Smokey!! How you doin?  I might head up to Gainesville on the 5th or 6th.  Should I keep an eye out for you?


----------



## Smokey (Jun 27, 2014)

ronfritz said:


> Smokey!! How you doin?  I might head up to Gainesville on the 5th or 6th.  Should I keep an eye out for you?

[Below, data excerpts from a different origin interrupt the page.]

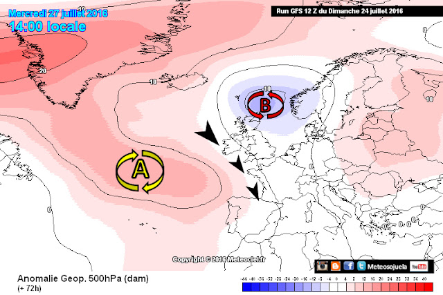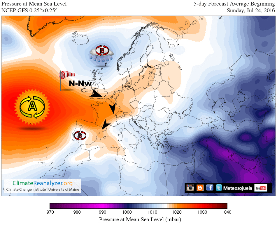 Según indican a día de hoy los modelos, parece que aunque no se modificaría prácticamente la configuración atmosférica, la baja relativa fruto del calor acumulado puede dejar más inestabilidad en el ambiente con aparición de alguna tormenta y ascenso de temperaturas.
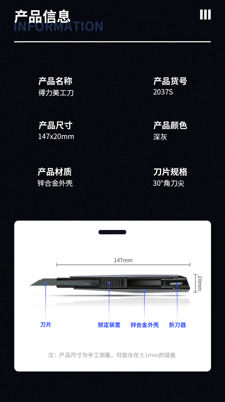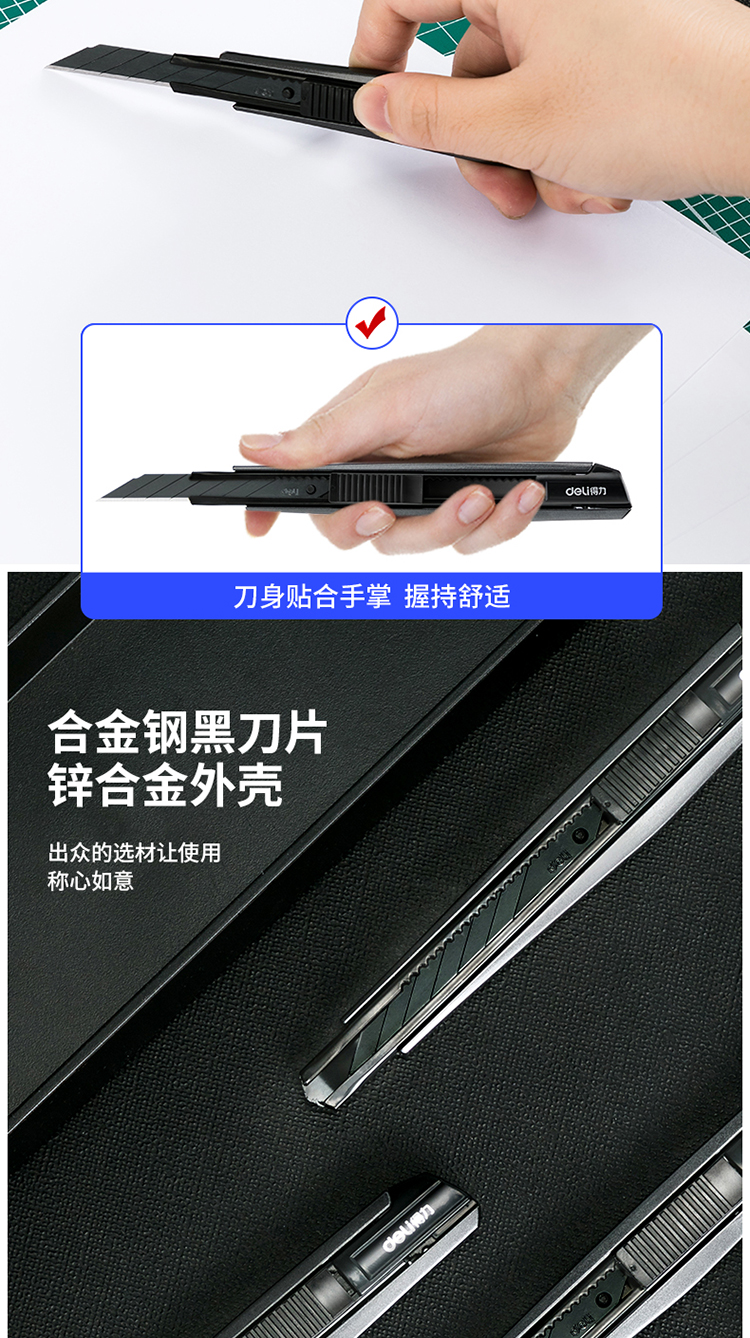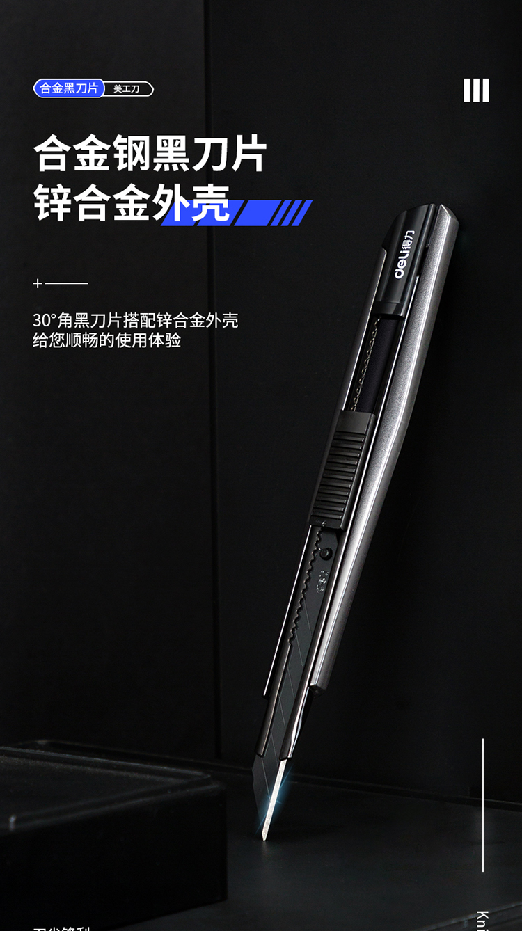 得力(deli)小號30°黑刀刃鋅合金美工刀/裁紙刀/壁紙刀 2037S
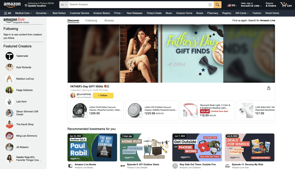 打開Amazon Live的主頁,可以看到精選創作者、推薦直播、即將開始的直播以及當下流行趨勢等分類,與國內相同的是,服裝、美容、遊戲等始終是最受歡迎的類目,隨着父親節的到來,還有很多直播間掛上了適合父親的好物。
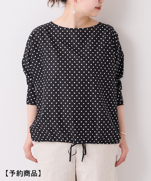 《予約》5月下旬頃お渡しTシャツ感覚できられるドルマンスリーブのブラウス。袖下に伸縮性のあるジャージー素材を用いているので、腕が締め付けられずゆったりと心地良い着心地です。身頃はハリ感のある素材で、さらさらと快適に着ていただけます。裾についたリボンをキュッと絞れば、スカートやワイドパンツに。緩めに絞って細身パンツと合わせてもバランスが取りやすくなっています。【商品をお気に入り登録しておきましょう!】気になるアイテムは、♡マークをクリックしておくことで、スムーズにお買い物が楽しめます。・ラスト一点のお知らせ・再入荷のお知らせ・予約商品が店頭に入る際にお知らせ・SALEのご案内
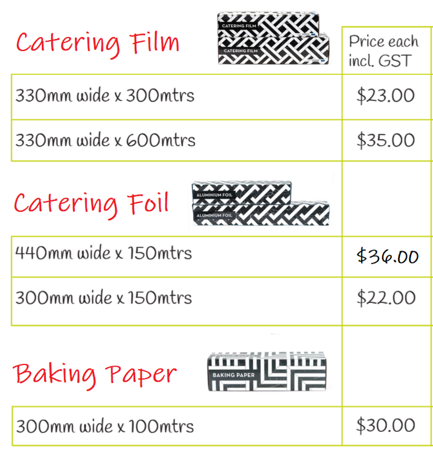 Foodwrap, Baking Paper and Tin Foil
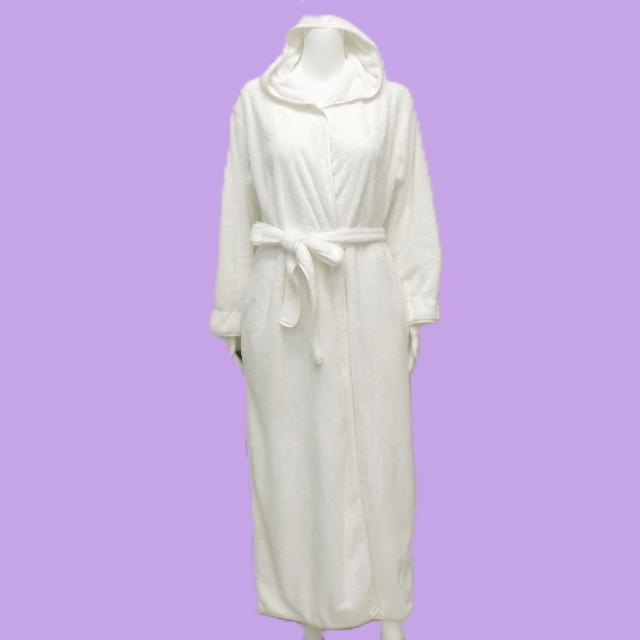 - Two sided minke hooded long robe with ruffle sleeves.

We're not shooting anymore. After having my hip replaced I just couldn't ride like I could before.


----------



## Crickett (Jun 27, 2014)

You don't do the mounted shooting anymore but do you go to any of the S.A.S.S. shoots? My husband has been into those for the past couple of years.


----------



## Hoss (Jun 28, 2014)

Smokey said:


> We're not shooting anymore. After having my hip replaced I just couldn't ride like I could before.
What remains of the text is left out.